And it's not escaping the impact of what could be a defining election for Russia, one which critics fear is a harbinger of a more authoritarian future.
Putin -- who despite having critics is a popular figure overall -- has said a big victory for United Russia would give him the "moral authority" to hold the government and parliament accountable. It could also pave the way for him to return as president in 2012, or sooner if the next elected president does not complete his term. The constitution bars Putin from seeking a third consecutive term in the March 2 presidential election.
Slava Bozhkov, of the Movement Against Violence rights group, said that his mother was a longtime supporter of United Russia but became disenchanted during the campaign. She was upset with United Russia's eighth party congress Oct. 1, he said, where Putin announced he would lead the party ticket in Sunday's elections.
The congress was reminiscent to many of Communist Party congresses of the Soviet era. "This is a complete return to the past," Bozhkov quoted his mother as saying.
Andrei Khachaturov, a spokesman for the liberal Yabloko party in Yekaterinburg, alleged that in recent weeks local officials have harassed the opposition by seizing party newspapers and mobilizing voters for United Russia.

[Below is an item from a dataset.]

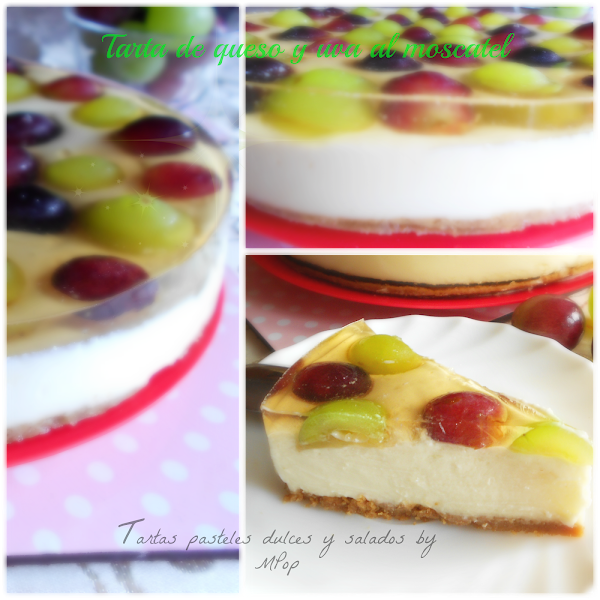 base (150 gr de tortas de almendras-60 gr de mantequilla derretida),tarta de queso (300 gr de queso philadelphia-240 ml de nata liquida-60 gr de azúcar-3 hojas de gelatina neutra-1/2 cucharadita de extracto de vainilla),200 gr de dulce de membrillo,gelatina de uva (200 ml de zumo de uva-3 hojas de gelatina neutra-uvas)La Tarta de Queso que vamos a preparar, es una tarta muy sencilla y que no necesita horno, para ello empezamos hidratando las hojas de gelatina ( ponemos la gelatina en un cazo con agua fría durante 5 minutos y luego la escurrimos perfectamente). Seguidamente en un cazo ponemos a calentar la nata (crema de leche) con el azúcar y removemos hasta que empiece a hervir, en este punto apagamos el fuego y echamos la gelatina hidratada, seguimos removiendo hasta su total disolución. Mientras que esperamos a que se enfríe un poco la nata (crema de leche), batimos el queso philadelphia con el extracto de vainilla hasta que quede una textura suave.

Local universities, he said, have scheduled classes for Sunday so they can be certain all their students show up to vote.

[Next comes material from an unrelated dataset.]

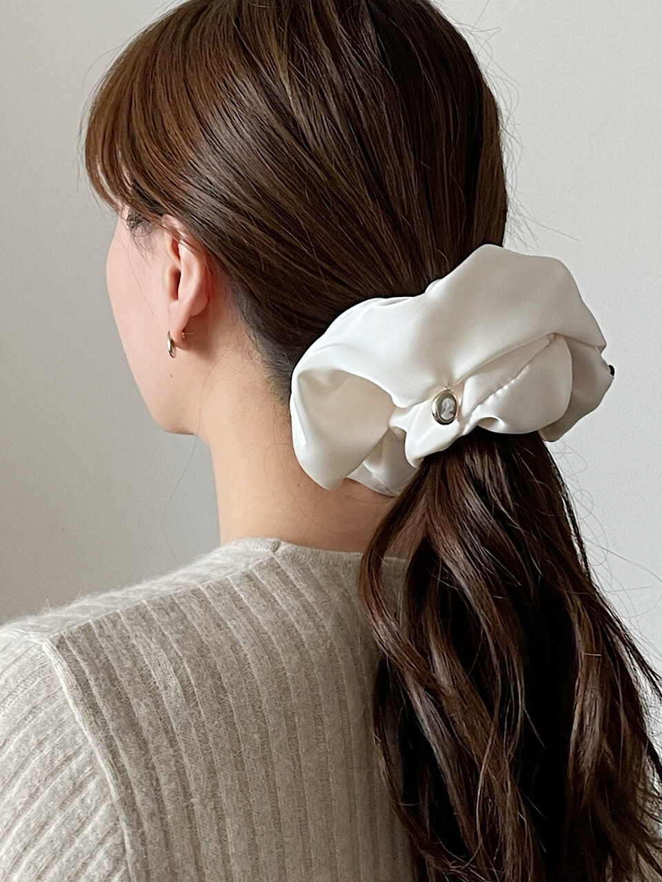 oar Satin Drop Cameo Scrunchie [Ivory]

"They want to ... legitimize the next parliament because it's likely it will be void of any liberal opposition," he said.
The opposition has been given next-to-zero visibility on national TV news programs.

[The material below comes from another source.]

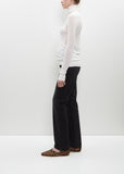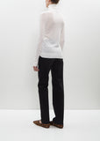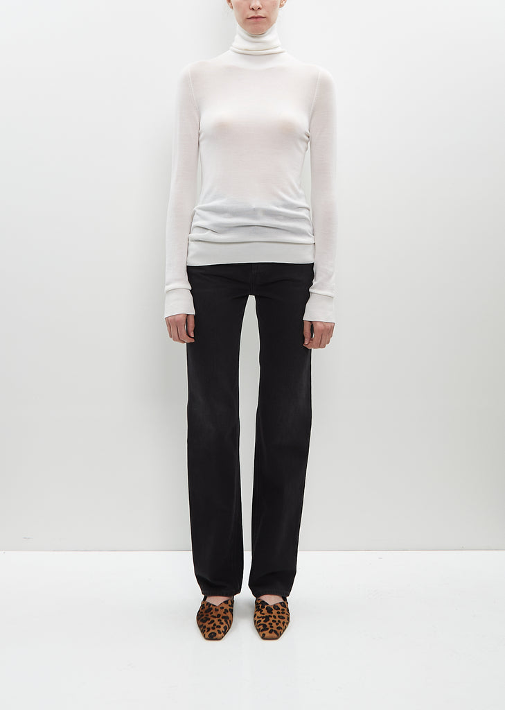 Totême off white semi-sheer sweater with a ribbed turtle neck in fine wool and silk blend knit. Features slightly dropped shoulders, a fitted hem, embroidered logo at left sleeve, and ribbed trim at cuffs, and hem. Closer fit.

Putin and United Russia also have their supporters here.
Gyulnara Gyumusheva and Marina Zvereva, 18-year-old law students, said they will vote for the United Russia ticket Sunday. "We support our president," said Gyumusheva. No one, they said, has pressured them into voting for the dominant party.
Retiree Vitaly Kuznetsov, 57, standing at a bus stop, said he would vote for Putin and United Russia as well, although his support was tempered by doubts the president had done all he claimed.
"Even though there is still no stability, at least he has slowly started to put things in order," Kuznetsov said.
The former metal worker, who lives on a monthly pension of about $125, did not seem to feel his vote counted for much anyway. "In our country, no matter who you vote for, they will anyway put in power someone of their own choice," he said.
Tatyana Repina, 37, a saleswoman in a boutique, said she has not decided which party to support. But she said many of her family and friends have been put off by United Russia's use of Putin's popularity as their trump card in the election.
"It's not honest to use the president as a cover," she said.